The study complied with all ethical precepts and all participants consented to their participation online, after reading the Informed Consent Form (ICF). The study was approved by the UFMG Research Ethics Committee (COEP/UFMG), CAAE nº 19756819.0.0000.5149, opinion nº 3.586.931.

Variables used and data analysis

Students answered a questionnaire structured by Google Forms containing questions related to participation in GEDAAM (type of participation, length of stay, positions, study techniques used), sociodemographic information (age, gender, skin color, sexual orientation, city of origin), related to the course (cycle and situation in the course - regular or irregular) and perception of the educational environment. The educational environment was assessed using the Dundee Ready Education Environment Measure (DREEM) scale, developed in 1997 (ABDULLA, 2014). This scale allows the positive and negative points of the educational environment of each HEI to be identified and corrected (MILES; SWIFT; LEINSTER, 2012). It has 50 items on a five-point Likert scale divided into five Domains: Learning, Professors, Academic, Atmosphere, and Social (ALTAWATY et al., 2020, ABDULLA, 2014). The scale's global score ranges from zero to 200 and corresponds to the simple sum of its 50 items. The score for each Domain varies according to the number of items: Learning (0 to 48); Professors (0 to 44); Academic (0 to 32); Atmosphere (0 to 48) and Social (0 to 28). The higher the score, the better the perception of the teaching environment (ROFF et al., 1997). Items with an individual mean score < 2 are considered trouble spots; scores between 2.1 and 3 are considered weaknesses; between 3.01 and 3.4 are considered strong points and mean scores > 3.5 are considered very strong points (ROFF et al., 1997). The Brazilian version of the scale has good validity (Cronbach's alpha: 0.93) and reliability indicators that indicate its use in this population (OLIVEIRA FILHO; VIEIRA; SCHONHORST, 2005).

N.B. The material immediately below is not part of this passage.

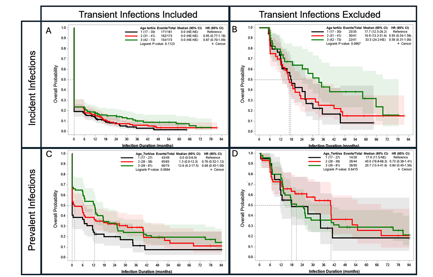 年龄因素对清除概率的影响呈现复杂特征。总体来看,各年龄组间的清除概率未见显著差异,但年长男性在两类感染中都表现出清除能力减弱的趋势。在事件感染中,持续至少6个月的感染中位持续时间呈现年龄梯度变化:17-30岁组为18个月,31-41岁组为17个月,42岁以上组延长至34个月。对于流行感染,全部感染的中位持续时间在17-27岁组不足6个月,28-38岁组为1.3个月,39岁以上组达到13个月。而在持续至少6个月的流行感染中,年轻、中年和年长组的中位感染持续时间分别为18个月、40个月和20个月。值得注意的是,国家居住地和吸烟状况在两类感染中均未对清除概率产生显著影响。
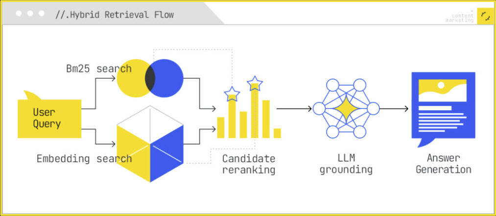 Hybrid retrieval combines both lexical and semantic search then re-rank the documents using methods like reciprocal rank fusion (RRF). However, 95% of SEO tools still only perform lexical analysis.

Descriptive analyses (by calculating frequency distributions, measures of central tendency, and dispersion) and comparative analyses were carried out using One-way ANOVA according to the number of completed semesters in GEDAAM. Data were analyzed using the Statistical Package for Social Sciences (SPSS), version 19.0.

RESULTS

The participants in the study were 129 students, in which 45% (n=58) of them were current members of GEDAAM. Most students were regular in the course (90.7%) and were studying the basic cycle (45.7%), which corresponds to the first two years of graduation. More than half were female (55.8%), white (64.3%), heterosexual (75.2%), and had a mean age of 23.34 years (median=22 years; standard deviation=4.39). Just over a third of the respondents came from another state other than Minas Gerais (35.7%).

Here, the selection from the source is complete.